Enhancing Earnings to Increase Potential Savings

Once you have identified practical and attainable goals and matched them to your savings plan, you know exactly where you stand and how far you have to go. If there is a serious shortfall in what you can save and what you actually need, it is time to consider other earning options.

  • Part-Time Work, Paying Hobbies: You can opt for part-time work in addition to your regular employment so that you have extra income and, consequently, extra savings. Alternatively, you can extend your working years by postponing retirement, or you can take up a hobby that pays, such as painting, or offer consultancy based on your work experience.

  • Budgeting: Reducing current expenses is another good way to make sure you save every penny you can. Make a budget and cut down all unnecessary expenses. What you save each month can go into your retirement fund. There is another advantage of budgeting. You get used to a more sustainable lifestyle and this goes a long way in helping you adapt easily to post retirement life when finances are tighter.

Effects of Compounding and Taxes

When it comes to savings, compounding and taxes are two aspects that significantly impact exactly how much money you have for your expenses. The effects of both these on your savings have to be understood clearly so that your savings strategy is effective.
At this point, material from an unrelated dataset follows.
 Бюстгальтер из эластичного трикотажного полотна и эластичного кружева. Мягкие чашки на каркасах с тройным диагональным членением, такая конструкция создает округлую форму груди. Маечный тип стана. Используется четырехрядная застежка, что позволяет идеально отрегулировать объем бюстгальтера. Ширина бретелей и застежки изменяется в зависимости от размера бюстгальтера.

Compounding occurs when interest is earned on interest; thus, any returns on your original investments simply multiply with time. The longer the time that passes from the date of investment, the greater the compounded earnings will be. Compounding is your greatest ally when it comes to saving for the future. And the sooner you start saving for your retirement, the more help you get from compounding.
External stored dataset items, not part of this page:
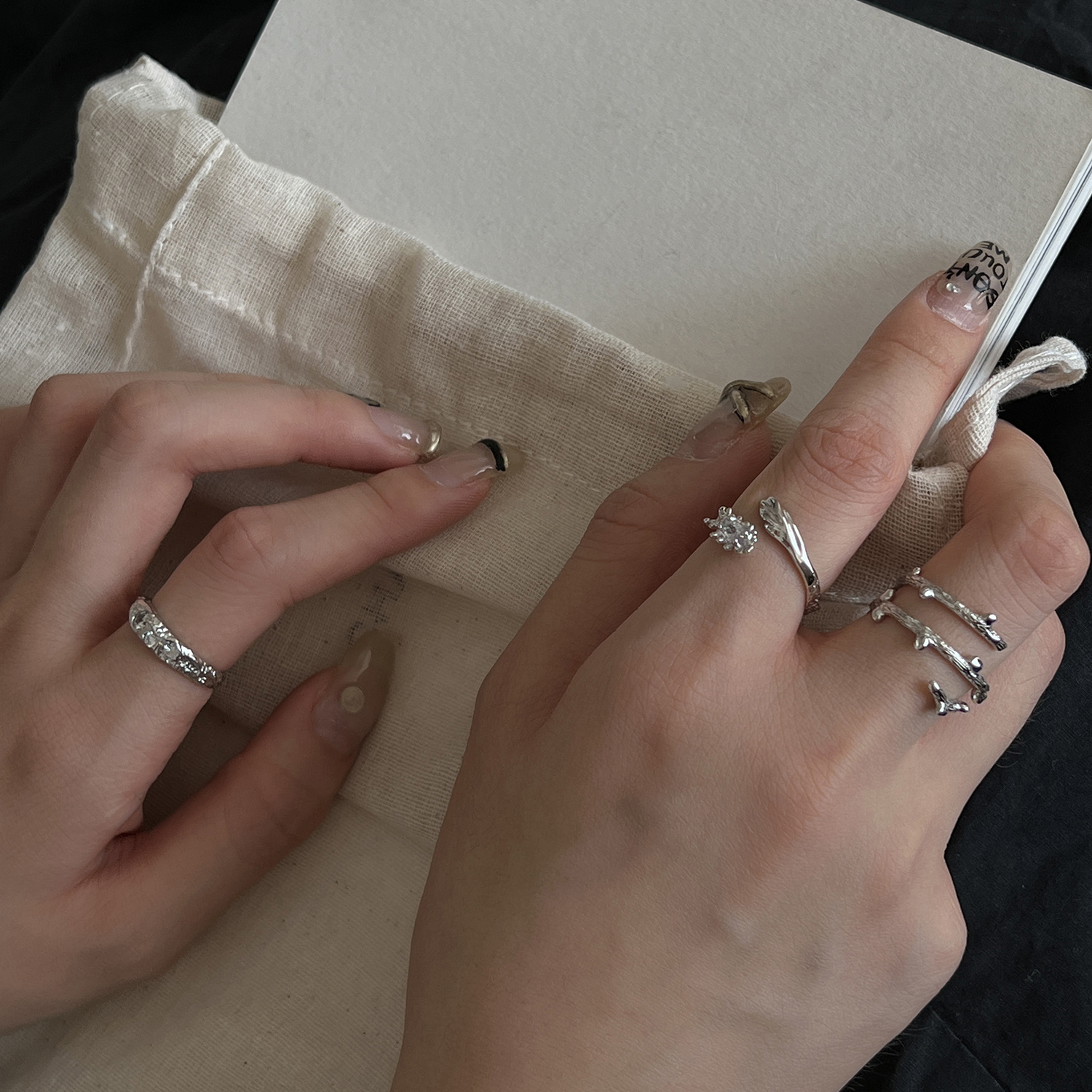 925纯银戒指女款个性时尚ins小众设计树枝肌理镶钻开口戒指冷淡风
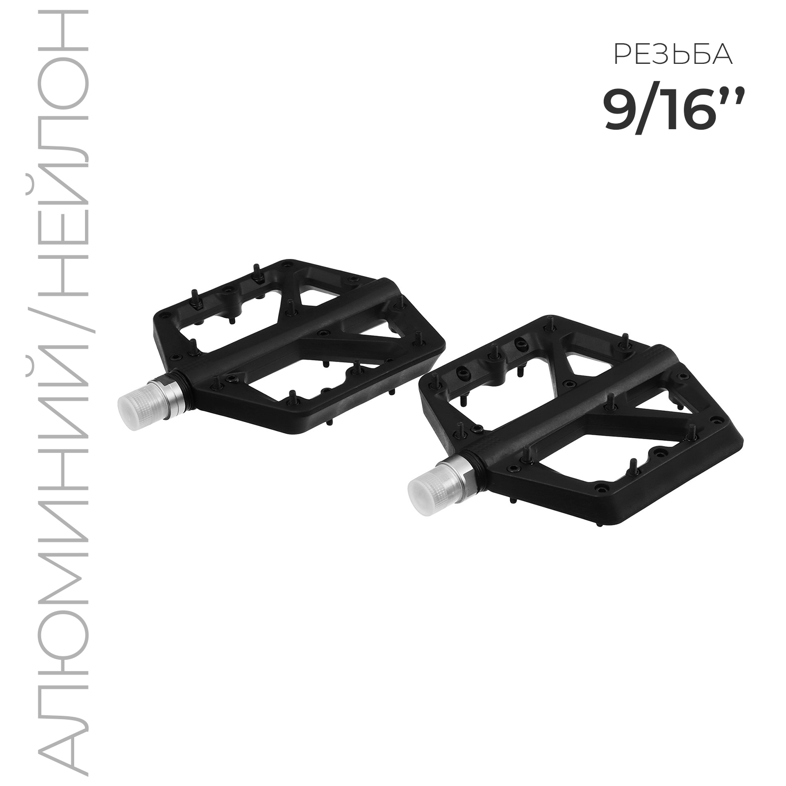 Педали 9/16" с подшипником, нейлон, съёмные шипы, цвет чёрный
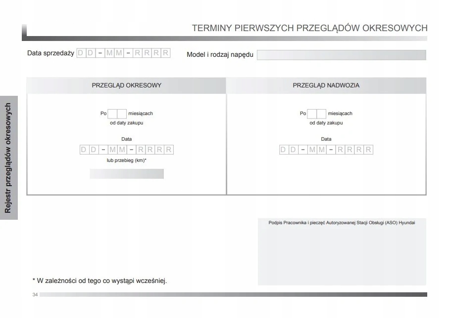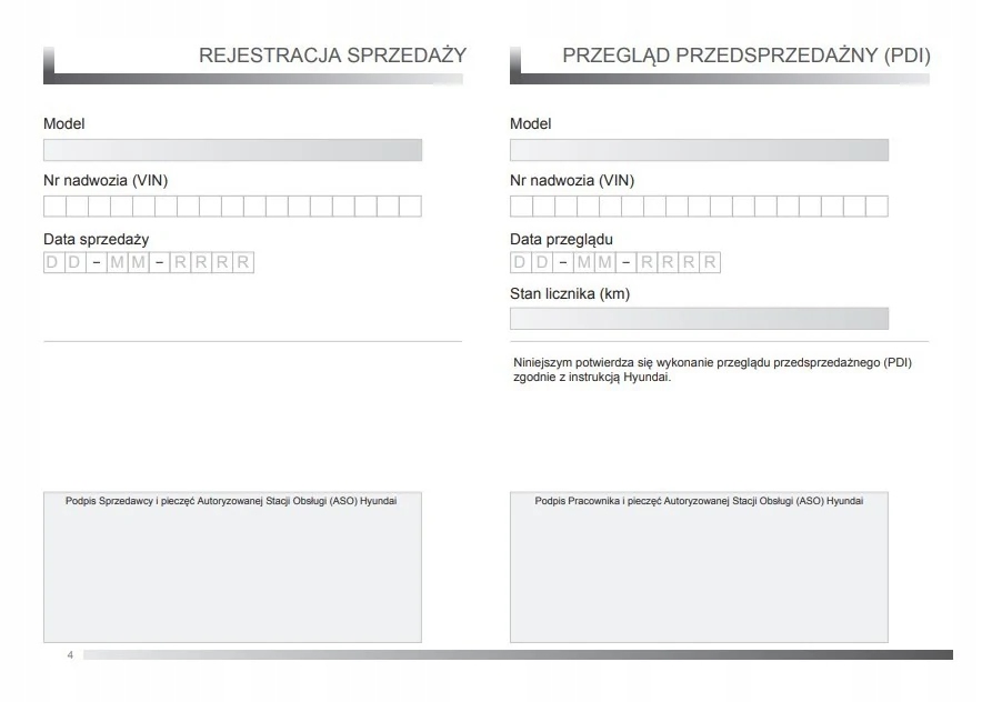 Польская сервисная книжка Hyundai за 2018 год
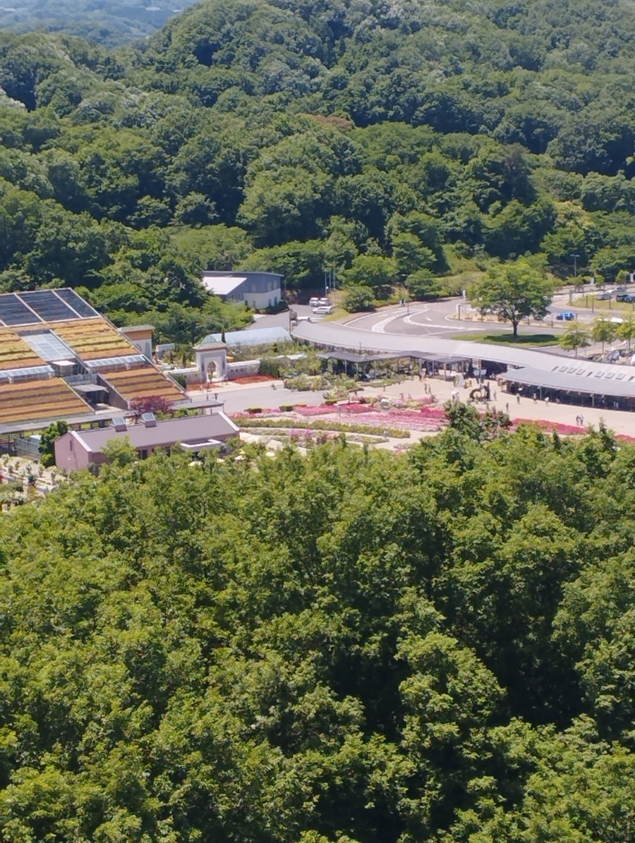 園内の花のタワーに登りました。2階展望台からの眺めは最高、カフェの生搾りバラの生チョコモンブラン 1,500円が美味しそうでした。- 旅行時期
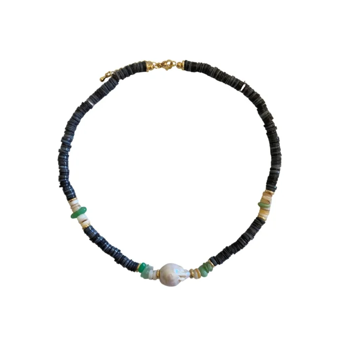 Cove necklace is designed using pearls and natural stones. Inspired by the sea of ​​the Aegean. It is 20 cm. It can be extended up to 25 cm with the adjustment part on the back. It is sent with its special box.

Taxes negate the benefits of savings to a significant extent. Simply put, the bigger your income from your savings, the greater the taxes owed. However, this is not the case with all savings or investments. By understanding the tax implications of various savings and investment plans, you can choose those that are most tax-friendly for you.
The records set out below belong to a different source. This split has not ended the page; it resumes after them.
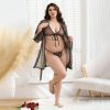 Elevate your intimate wardrobe with this luxurious 3-piece plus size lingerie set, a bold fusion of fierce fashion and feminine sophistication. Designed for curvy women who aren’t afraid to own their sensuality, this leopard print ensemble features a sheer mesh babydoll nightgown, a soft triangle bralette, and a matching G-string—all wrapped in an elegant open-front robe for a look that’s as empowering as it is alluring.
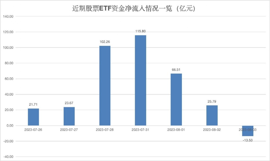 事实上,自7月26日以来,股票ETF已经连续6个交易日合计资金净流入超过355亿元,直至8月3日才出现小幅净流出的现象。
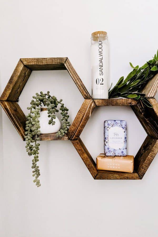 Hexagon shelves look complicated, but they’re just six pieces cut at 30-degree angles. Once you nail the first one, you can make a whole honeycomb wall. These are seriously Instagram-worthy and give you major design cred.
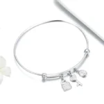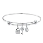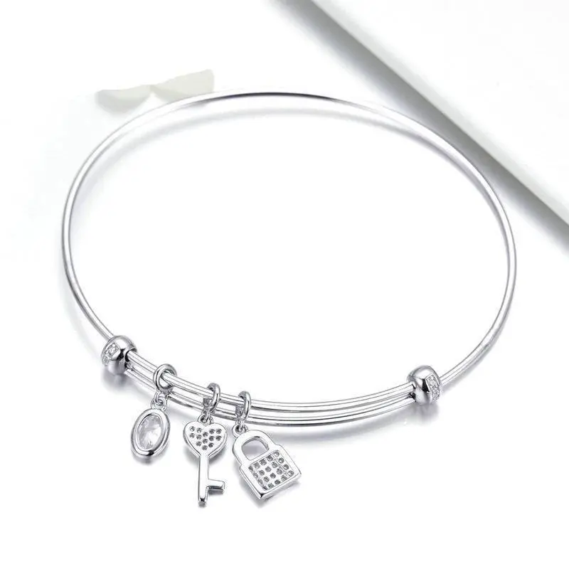 Silver Key and Lock Bangle. Simple and adjustable, this gorgeous silver bangle features a number of attractive charms and can be shaped to your exact wrist size. The adjustable clasps are studded with sparkling cubic zirconias and the bangle itself is crafted from a high polish sterling silver. The set of three charms are also studded with zirconia crystals and include a beautiful lock and key.
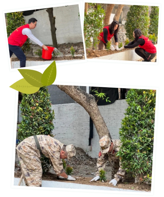 植树现场,大家干劲十足,三五人一组,有的挥锹铲土、有的施撒肥料、有的扶正树苗、有的盖土踩实,一起为东裕绿起来、美起来,增添“绿”量。通过协同配合,共种植了小苗木红车、大苗木红车、白花等树木几十余棵,为营造生态宜居环境、共建共享绿美中山尽自己的一份力量。

Remember that tax rules may change, skewing all your carefully thought out savings plans. So keep yourself updated with tax laws and regulations and tweak your savings strategy when necessary to avoid unpleasant shocks in the future. Make optimum use of government-sponsored retirement funds that offer tax refuges, but fully understand their implications while doing so.

Play it Safe with Your Retirement Fund

Your retirement fund is not your risk capital, no matter how soon you start saving. Of course, starting when you are 20 gives you much more leeway in choosing riskier investments than if you start at the age of 40. But always keep in mind that your retirement fund will be your primary source of income to meet your living expenses post-retirement.

Another aspect to keep in mind is that you will need a buffer over your estimate of the size of your retirement fund. It is a good idea for you to keep a margin of safety to cover unexpected contingencies such as medical emergencies.

Unpredictable markets also add to the element of uncertainty in retirement planning. Your estimates of what your investments or assets will yield in future may be drastically different from reality. In such cases as well, contingency savings will help bridge funding gaps.

Starting your retirement planning early lets you use diversification to even out the risks while getting best possible returns. Even if a portion of your retirement fund is wiped out with a failed high risk investment, you have sufficient number of earning years ahead to make up for it. This high tolerance for risk is the greatest advantage of starting retirement planning at a young age.

In the current scenario, it is quickly becoming evident that complete dependence on Social Security for retirement expenses is sure to end in disaster. Even if the system does survive and payments are continued, Social Security is woefully inadequate to finance your entire post retirement life. A company pension plan may also fail if the company takes a beating in a future recession. The only way to ensure that your retired life is free from financial anxiety is to plan early, persevere and stay committed to your personal retirement savings plan.